Original article / research
Seropositivity of Transfusion Transmitted Infections among Blood Donors in Hilly Region of Karnataka, India
Dr. Mallikarjun Pattanashetti,
Plot No 295, 2nd Stage, Hanuman Nagar, Belagavi, Karnataka, India.
Introduction: One of the major problem associated with blood transfusions are Transfusion Transmitted Infections (TTIs). Accurate estimates of risk of TTIs are essential for monitoring the safety of blood supply. National AIDS Control Organisation (NACO) guidelines state that all donor’s blood samples should mandatorily be tested for Human Immunodeficiency Virus (HIV), Hepatitis B Virus (HBV), Hepatitis C Virus (HCV), Syphilis and Malaria.
Aim: To estimate the seropositivity of HIV, Hepatitis B surface Antigen (HBsAg), HCV, Syphilis and Malaria among blood donors for tertiary care hospital of hilly region in Karnataka, India.

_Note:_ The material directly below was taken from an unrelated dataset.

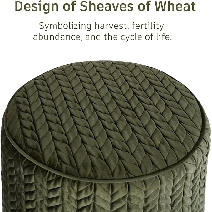 Modern Round Ottoman, Braided-Tufted Foot Stool Ottoman, Velvet Upholstered Vanity Stool for Makeup, Bedroom, Living Room, Dark Green

Materials and Methods: This cross-sectional study was done from January 2012 to March 2018 in District Hospital Blood bank, Department of Pathology, Kodagu Institute of Medical Sciences, Madikeri, Karnataka, India. The blood donors were screened with detailed history and physical examination according to Standard Operating Procedures (SOP) of Blood bank as per Guidelines for Blood donor selection and referral. Donor blood sample was subjected to screening investigations for TTIs diseases: HIV, HBV, HCV, Syphilis and Malaria. Data collected was tabulated in Microscoft Excel and results were expressed as percentage.
Results: The study included total 9599 blood donors. The total number of male donors was 8985 and female donors were 614. There were 74 seropositive donors of which 71 (96%) were males and 3 (4.0%) were females. The total seropositivity rate of TTIs was 0.77% among which the incidence of seropositivity was higher in males as compared to females. There were 55 donors (0.58%) positive for HBV, eight donors (0.08%) positive for Syphilis, five donors (0.05%) positive for HIV, four donors (0.04%) positive for Malaria and two donors (0.02%) positive for HCV.
Conclusion: Screening and better selection of donors by testing for TTIs are necessary to improve blood safety in the blood transfusion centre of hospital.